ÖĞRETİMİN GELİŞTİRİLMESİ

Prof. Dr. Nuray SENEMOĞLU

     İnsanların doğuştan getirdikleri zihinsel güçlerin, öğrenmelerinde önemli bir etkiye sahip olduğu görüşü, eğitimde kendini uzun yıllardan beri hissettirmektedir; Oysa, son yıllarda yapılan araştırma sonuçları, her bireyin öğrenme gücü ve hızına uygun öğrenme koşulları sağlandığında öğrenme düzeyi ve niteliğinin yükselebileceğini- ortaya koymaktadır. Öğrencilerin okuldaki öğrenmelerinde gözlenen farkların nedeninin büyük ölçüde doğuştan getirilen özellikler değil, çevresel etkenler olduğu gözlenmektedir. Okulda geçerli öğrenmelerin oluşturulmasını birçok etken belirlemektedir. Bunların bir bölümü zekâ, genel yetenek, öğretmenlerin kişilik özellikleri, ailenin sosyoekonomik statüsü gibi değişmeye dirençli değişkenlerdir. Diğer bolümü de öğretimin niteliği, öğretmen ve öğrencinin öğrenmede harcadığı zaman, öğrencilerin bilişsel giriş davranışları, duyuşsal giriş özellikleri gibi değişmeye açık etkenlerdir (Bloom, 1984, s. 6) Bu durum, değişmeye açık değişkenlerin öğretme-öğrenme ortamında etkilice kullanılmasıyla, öğrencilerin kazandırılmak istenen davranışları büyük ölçüde öğrenebileceğini göstermektedir.

     Anania ve Burke (1980) tarafından yapılan araştırmalarda, en iyi öğrenme koşulu olan bire bir öğretim ortamındaki öğrenci başarısının, geleneksel yöntemin uyguladığı sınıf ortamındaki öğrenci başarısından iki standart kayma daha yukarda olduğu gözlenmiştir.

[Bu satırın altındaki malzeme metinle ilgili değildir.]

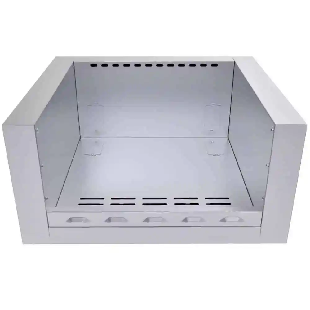 The Sunstone Universal Appliance Jacket is uniquely designed to receive multiple Burner Brand Models right out of the box with minor assembly. The jacket is a safety essential when installing your burner into any outdoor kitchen or BBQ island enclosure ensuring you have an adequate heat barrier and proper venting. This jacket has double-walled construction in all 304 stainless steel with a sturdy self-supporting raised ledge around the sides and back that adds one more layer of quality to your outdoor kitchen. The Sunstone Jacket is made for perfect airflow with in/out vent in the lower front bottom edge and upper back edge which features open vents allowing pass-through venting of all excess heat and dangerous gasses. It has a universal design with covered utility ports on either side depending on which side your appliance gas or electrical is connected, you only need to open the specific ports you are using, and others stay covered for safety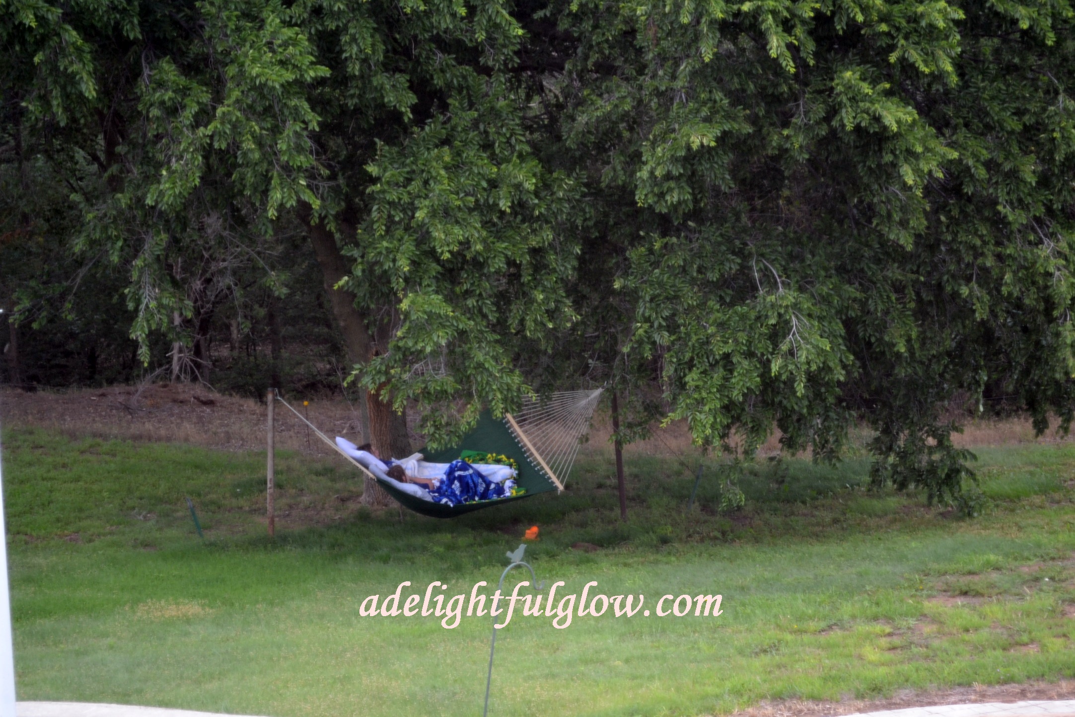 One afternoon the girls put the hammock up and gathered pillows and blankets and books and spent several hours reading and giggling. I have pictures to post sometime of my men setting poles for the hammock. And we need to paint the poles someday-upon-a-time. I like looking out the kitchen window at the hammock. Alas, it doesn’t get to hang there all the time.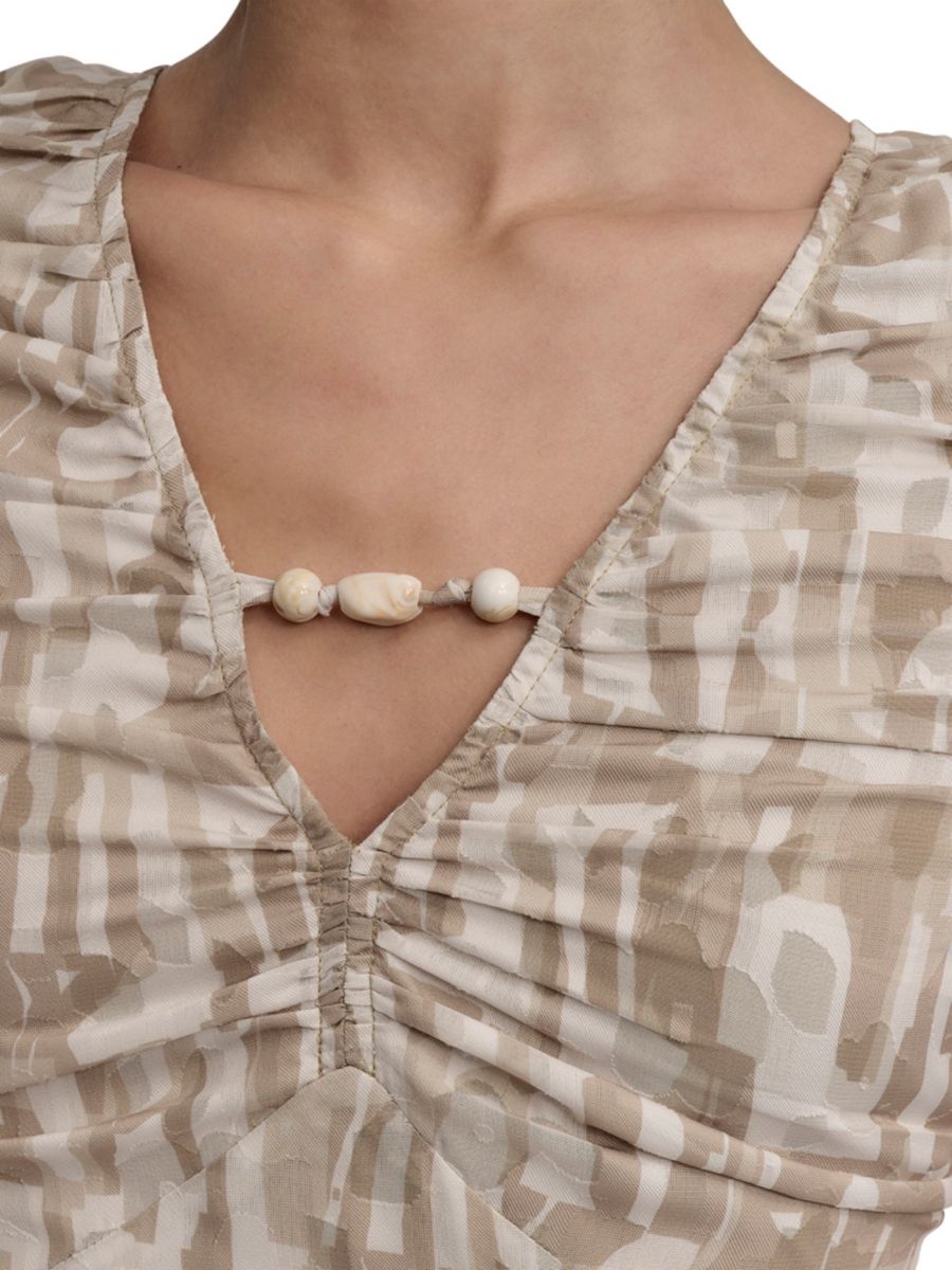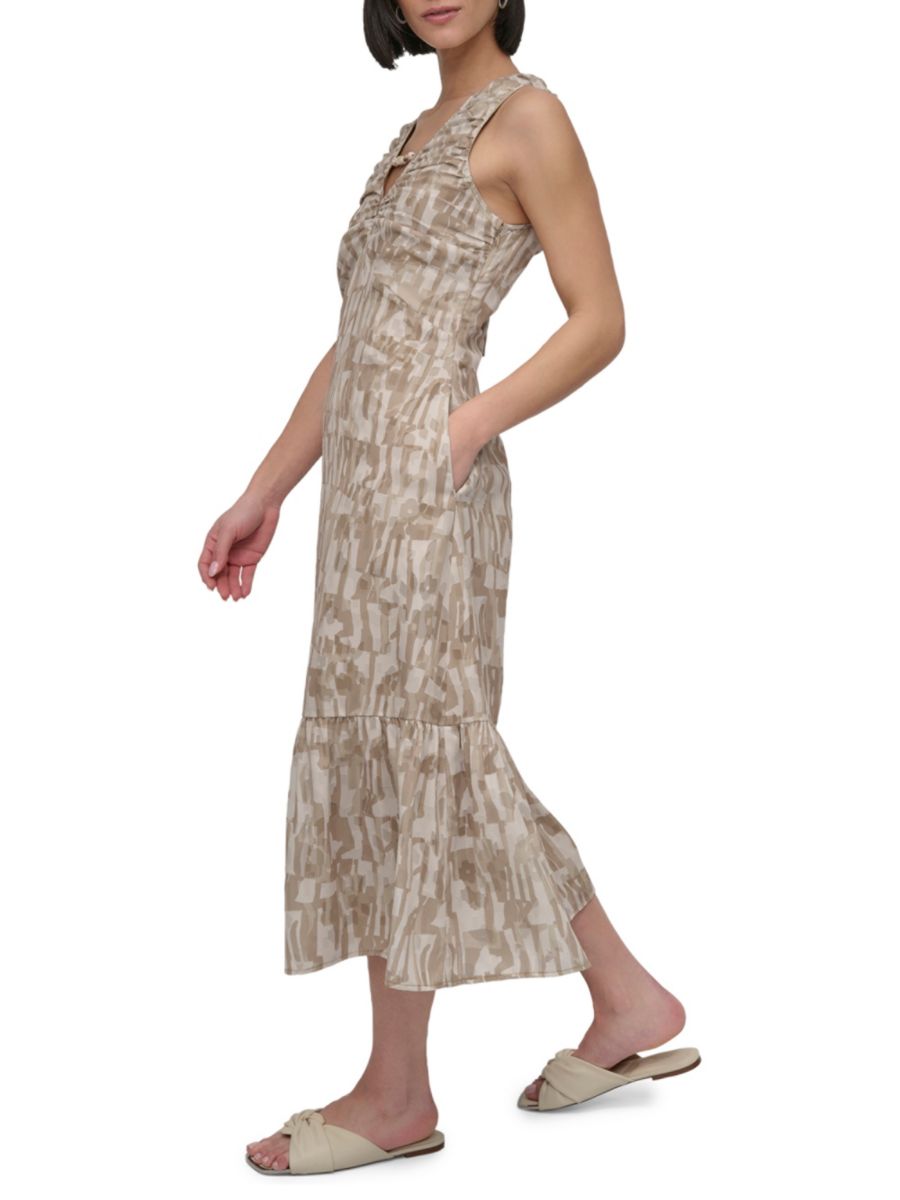 Это платье миди без рукавов из коллекции DKNY Лето 25 выполнено из прозрачного шифона с принтом. Собранный V-образный вырез, украшенный отделкой бисером, и завязка на спине завершают воздушный силуэт.

Bloom ve arkadaşları tarafından «2 standart kayma problemi» olarak adlandırılan bire bir Öğretim durumundaki ortalama öğrenci başarısının, geleneksel yöntemle öğrenen ortalama öğrenci başarısından iki standart kayma daha yukarda olması, grupla öğretimde ekonomik olarak bu farkı azaltacak ya da ortadan kaldırabilecek yollar aramayı gerektirmiştir. Bu nedenle, araştırmacılar öğrenmeyi etkileyen değiştirilebilir değişkenleri öğretim ortamında bir arada işe koşarak .. öğrenme üstündeki .etkilerini araştırmaya yönelmiştir. Öğrenme ve öğretmede etkili olan bazı değişkenlerin, öğrenme üzerinde farklı düzeylerde etkilere sahip olduğu gözlenmektedir. Walberg tarafından irdelenen bir dizi araştırma sonucuna göre, öğrenci başarısını pekiştirme 1.2; dönüt-düzeltme 1.0; ipuçları 1.0; öğrenci katılımı 1.0; öğrencinin öğrenmeye harcadığı zaman 1.0; bilişsel giriş davranışları 0.6 standart kayma yükselmekti.r (Bloorn, 1984). Ayrıca söz konusu değişkenlerin etkilerinin toplanabilir özelliğe sahip olduğu gözlenmektedjr. Bu durum, birebir öğretim ortamında ulaşılan öğrenme düzeyine, grupla öğretimde de daha ekonomik olarak ulaşabilmek açısından umut vericidir.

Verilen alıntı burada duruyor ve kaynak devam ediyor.